## Information supplied:
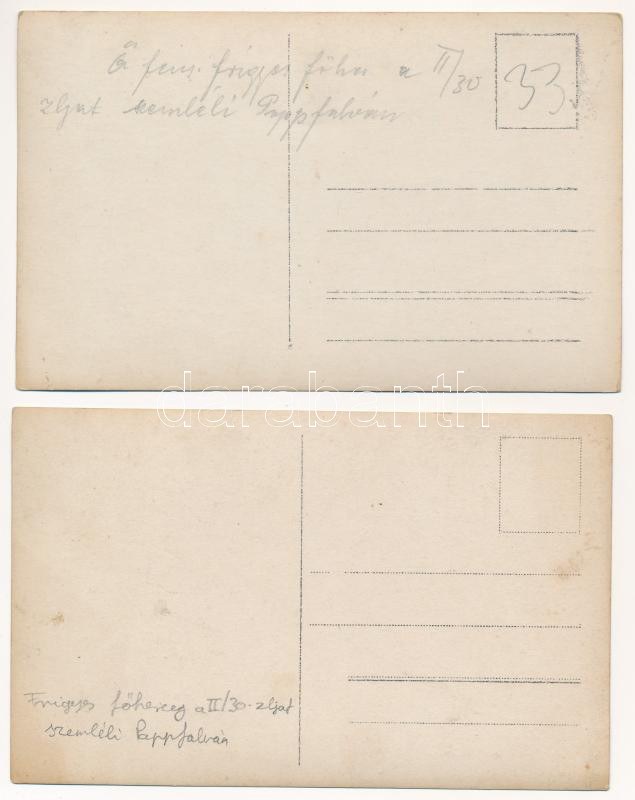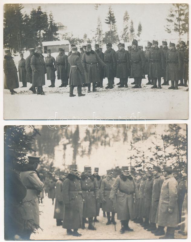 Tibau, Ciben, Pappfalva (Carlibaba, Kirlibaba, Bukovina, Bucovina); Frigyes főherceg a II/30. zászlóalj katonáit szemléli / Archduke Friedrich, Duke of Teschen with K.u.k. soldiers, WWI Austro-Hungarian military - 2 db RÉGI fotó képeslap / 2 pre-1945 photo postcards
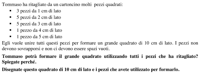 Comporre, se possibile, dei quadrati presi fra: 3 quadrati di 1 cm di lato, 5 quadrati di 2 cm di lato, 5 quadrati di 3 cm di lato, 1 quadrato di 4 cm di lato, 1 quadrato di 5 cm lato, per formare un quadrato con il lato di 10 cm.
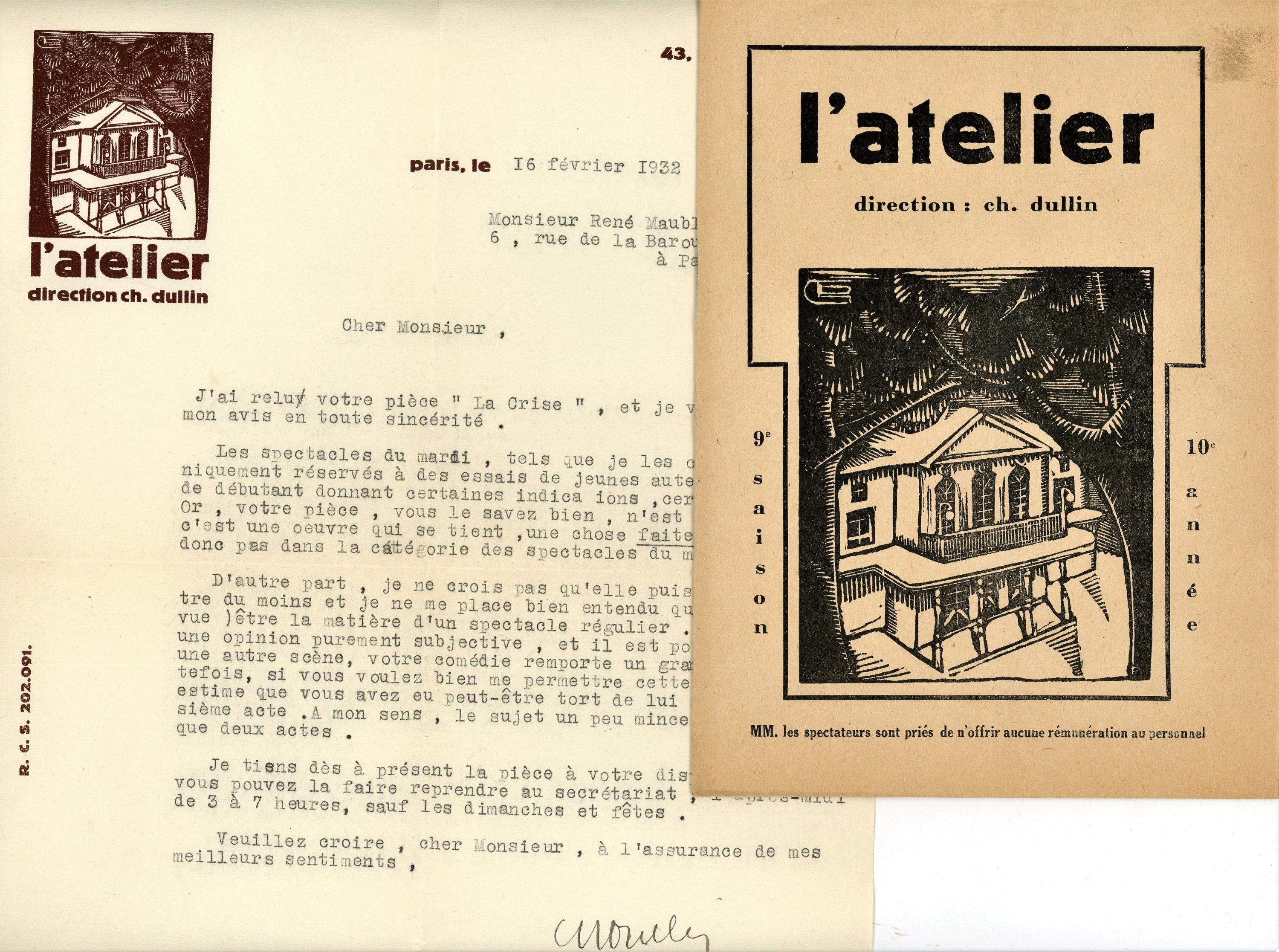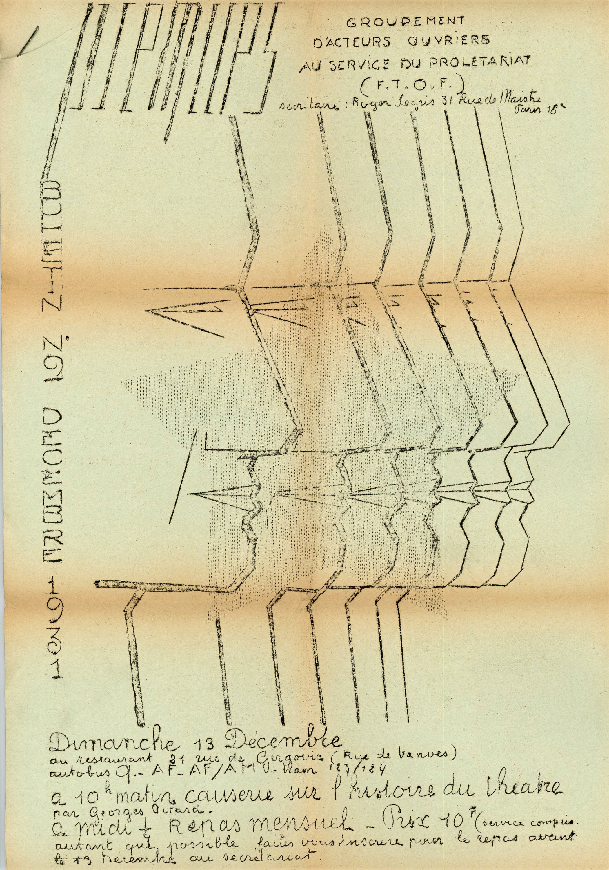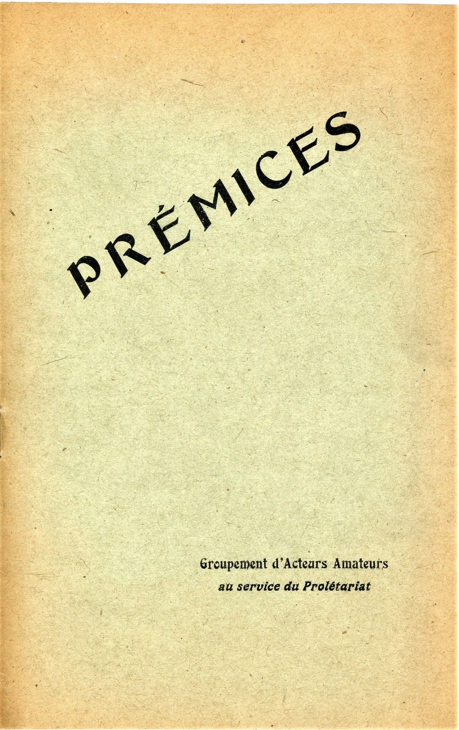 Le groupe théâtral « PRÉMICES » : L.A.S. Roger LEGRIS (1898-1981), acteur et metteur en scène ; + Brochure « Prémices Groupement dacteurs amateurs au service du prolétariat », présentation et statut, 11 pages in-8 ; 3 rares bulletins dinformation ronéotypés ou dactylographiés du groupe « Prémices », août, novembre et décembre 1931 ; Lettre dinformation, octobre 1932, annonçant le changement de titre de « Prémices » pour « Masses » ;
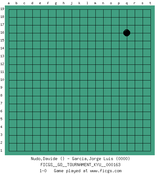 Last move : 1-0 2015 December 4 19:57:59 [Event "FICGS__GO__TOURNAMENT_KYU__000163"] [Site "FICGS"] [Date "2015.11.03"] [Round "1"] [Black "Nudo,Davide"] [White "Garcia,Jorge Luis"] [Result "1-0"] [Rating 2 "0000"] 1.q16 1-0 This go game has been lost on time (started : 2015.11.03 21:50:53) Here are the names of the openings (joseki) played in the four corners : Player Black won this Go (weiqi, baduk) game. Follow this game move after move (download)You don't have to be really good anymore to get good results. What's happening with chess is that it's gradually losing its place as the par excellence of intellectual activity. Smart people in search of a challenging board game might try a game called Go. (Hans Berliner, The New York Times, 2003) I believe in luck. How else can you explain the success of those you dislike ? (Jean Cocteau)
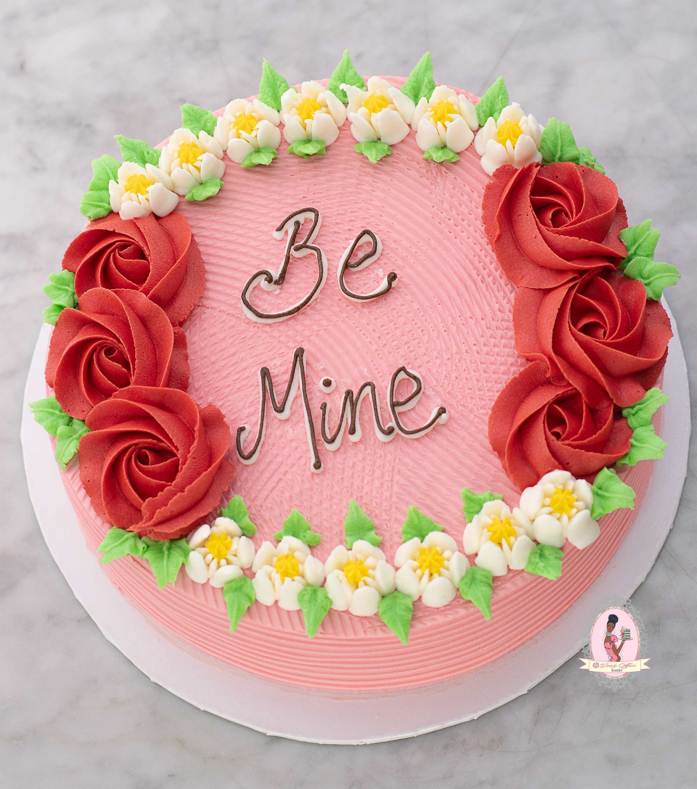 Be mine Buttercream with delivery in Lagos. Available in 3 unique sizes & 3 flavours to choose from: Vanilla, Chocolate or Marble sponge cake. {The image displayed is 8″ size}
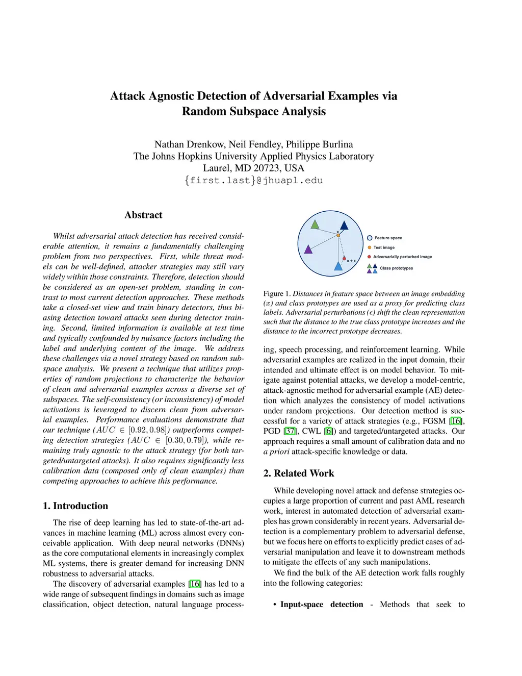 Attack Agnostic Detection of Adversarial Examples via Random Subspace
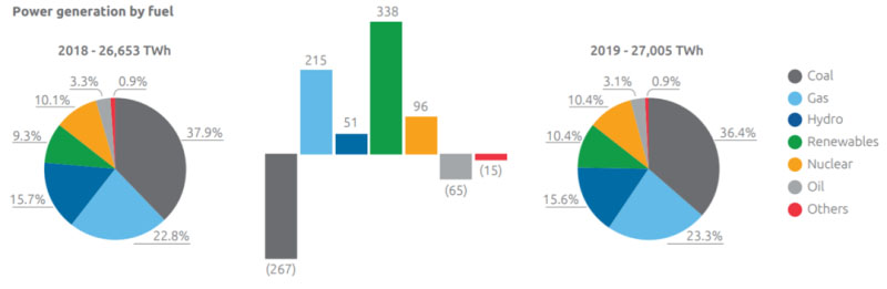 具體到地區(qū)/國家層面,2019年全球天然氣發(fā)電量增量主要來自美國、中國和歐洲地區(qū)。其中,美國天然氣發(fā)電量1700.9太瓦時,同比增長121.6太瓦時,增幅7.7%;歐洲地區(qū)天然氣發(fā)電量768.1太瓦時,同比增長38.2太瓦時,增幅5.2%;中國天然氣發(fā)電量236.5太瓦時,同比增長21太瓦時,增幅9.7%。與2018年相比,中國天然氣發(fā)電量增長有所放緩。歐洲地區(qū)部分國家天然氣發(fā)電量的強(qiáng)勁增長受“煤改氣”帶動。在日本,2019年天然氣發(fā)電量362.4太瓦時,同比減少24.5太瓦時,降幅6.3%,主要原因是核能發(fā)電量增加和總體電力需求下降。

## Your assignment:
Retype all the data exactly. Omit pictures.

## Solution for this exercise:
 Tibau, Ciben, Pappfalva (Carlibaba, Kirlibaba, Bukovina, Bucovina); Frigyes főherceg a II/30. zászlóalj katonáit szemléli / Archduke Friedrich, Duke of Teschen with K.u.k. soldiers, WWI Austro-Hungarian military - 2 db RÉGI fotó képeslap / 2 pre-1945 photo postcards
 Comporre, se possibile, dei quadrati presi fra: 3 quadrati di 1 cm di lato, 5 quadrati di 2 cm di lato, 5 quadrati di 3 cm di lato, 1 quadrato di 4 cm di lato, 1 quadrato di 5 cm lato, per formare un quadrato con il lato di 10 cm.
 Le groupe théâtral « PRÉMICES » : L.A.S. Roger LEGRIS (1898-1981), acteur et metteur en scène ; + Brochure « Prémices Groupement dacteurs amateurs au service du prolétariat », présentation et statut, 11 pages in-8 ; 3 rares bulletins dinformation ronéotypés ou dactylographiés du groupe « Prémices », août, novembre et décembre 1931 ; Lettre dinformation, octobre 1932, annonçant le changement de titre de « Prémices » pour « Masses » ;
 Last move : 1-0 2015 December 4 19:57:59 [Event "FICGS__GO__TOURNAMENT_KYU__000163"] [Site "FICGS"] [Date "2015.11.03"] [Round "1"] [Black "Nudo,Davide"] [White "Garcia,Jorge Luis"] [Result "1-0"] [Rating 2 "0000"] 1.q16 1-0 This go game has been lost on time (started : 2015.11.03 21:50:53) Here are the names of the openings (joseki) played in the four corners : Player Black won this Go (weiqi, baduk) game. Follow this game move after move (download)You don't have to be really good anymore to get good results. What's happening with chess is that it's gradually losing its place as the par excellence of intellectual activity. Smart people in search of a challenging board game might try a game called Go. (Hans Berliner, The New York Times, 2003) I believe in luck. How else can you explain the success of those you dislike ? (Jean Cocteau)
 Be mine Buttercream with delivery in Lagos. Available in 3 unique sizes & 3 flavours to choose from: Vanilla, Chocolate or Marble sponge cake. {The image displayed is 8″ size}
 Attack Agnostic Detection of Adversarial Examples via Random Subspace
 具體到地區(qū)/國家層面,2019年全球天然氣發(fā)電量增量主要來自美國、中國和歐洲地區(qū)。其中,美國天然氣發(fā)電量1700.9太瓦時,同比增長121.6太瓦時,增幅7.7%;歐洲地區(qū)天然氣發(fā)電量768.1太瓦時,同比增長38.2太瓦時,增幅5.2%;中國天然氣發(fā)電量236.5太瓦時,同比增長21太瓦時,增幅9.7%。與2018年相比,中國天然氣發(fā)電量增長有所放緩。歐洲地區(qū)部分國家天然氣發(fā)電量的強(qiáng)勁增長受“煤改氣”帶動。在日本,2019年天然氣發(fā)電量362.4太瓦時,同比減少24.5太瓦時,降幅6.3%,主要原因是核能發(fā)電量增加和總體電力需求下降。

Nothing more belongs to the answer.